…Поверь, что абсолютно никакие личные побуждения не руководили мною в этой переписке, а единственно – твердое мое убеждение, что бывают моменты, когда нельзя молчать, и что данный момент был именно такой.
Любящий тебя…»
Эти первые три письма написаны были в марте месяце 1914 года. Охлаждение в наших отношениях с Чертковым продолжалось целое лето и рассеялось только в конце августа, когда я прочел присланную мне – рукописную, конечно, – статью Черткова «Почему я сжег конфискованные книги Толстого». Доводы Черткова не поколебали моего отрицательного отношения к сожжению, но горячий и страстный тон оправдывающегося «толстовца» не мог остаться без воздействия. В душе моей что-то дрогнуло: «Зачем становишься ты в положение учителя, прокурора по отношению к старому другу Льва Николаевича? – сказал я себе. – Вспомни Христов завет: «не называйтесь учителями»!..»
И, смирившись, я решил обратиться к Черткову (20 августа 1914 г.) с новым письмом следующего содержания:
«Дорогой Владимир Григорьевич,
Статью твою «Почему я сжег конфискованные книги Толстого» я понял так, что ты просишь своих друзей поверить тебе, что, уничтожая тот случайный запас книг, который у тебя находился, ты поступал согласно требованию твоей совести. Позволь мне сказать тебе про себя лично, что я верю тебе в этом.
Я потому считаю необходимым тебе это заявить, что в последнее время в отношения наши вкралось какое-то нежелательное, тяжелое разъединение, – и не только нежелательное, но неестественное, потому что, как подсказывает мне мое истинное чувство, наши – не вчера сложившиеся – внутренние отношения гораздо выше, любовнее, дружественнее, чем то видимое проявление, в которое они теперь выливаются.
Я вполне признаю, что я мог быть виною той неясности в наших отношениях, которую я хотел бы уничтожить, – виною именно благодаря тону последних двух моих писем к тебе.
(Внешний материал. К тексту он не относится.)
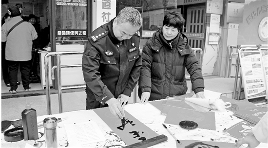 连日来,金华市公安局江南分局西关派出所开展“警服送警‘福’,反诈禁毒不打烊”活动,为群众送上充满年味的平安礼物。 通讯员 王雨佳

Поэтому я приношу тебе искреннее извинение за все то в этих письмах, что могло если не оскорбить тебя, то причинить боль твоей душе.
Любящий тебя…»
В тот же день я получил ответ Черткова из Телятинок:
«Дорогой Валентин Федорович,
Благодарю тебя от всего сердца и от всей души за твое доброе письмо. Ты снял большую тяжесть с моей души – гораздо большую, чем ты можешь предполагать. Как и не могло быть иначе, я теперь полюбил тебя еще больше, чем раньше, и почувствовал к тебе еще больше уважения. Прости и ты меня за мою чрезмерную чувствительность, злопамятство и все то неприятное, что я мог тебе причинить. Не стану больше распространяться. Письменно не сумел бы выразить ту радость, которую ты мне доставил.
Любящий тебя друг твой…»
С души Владимира Григорьевича, видно, камень свалился. Натянутость в наших отношениях, особенно при встречах, прошла, чему искренно радовался и я сам.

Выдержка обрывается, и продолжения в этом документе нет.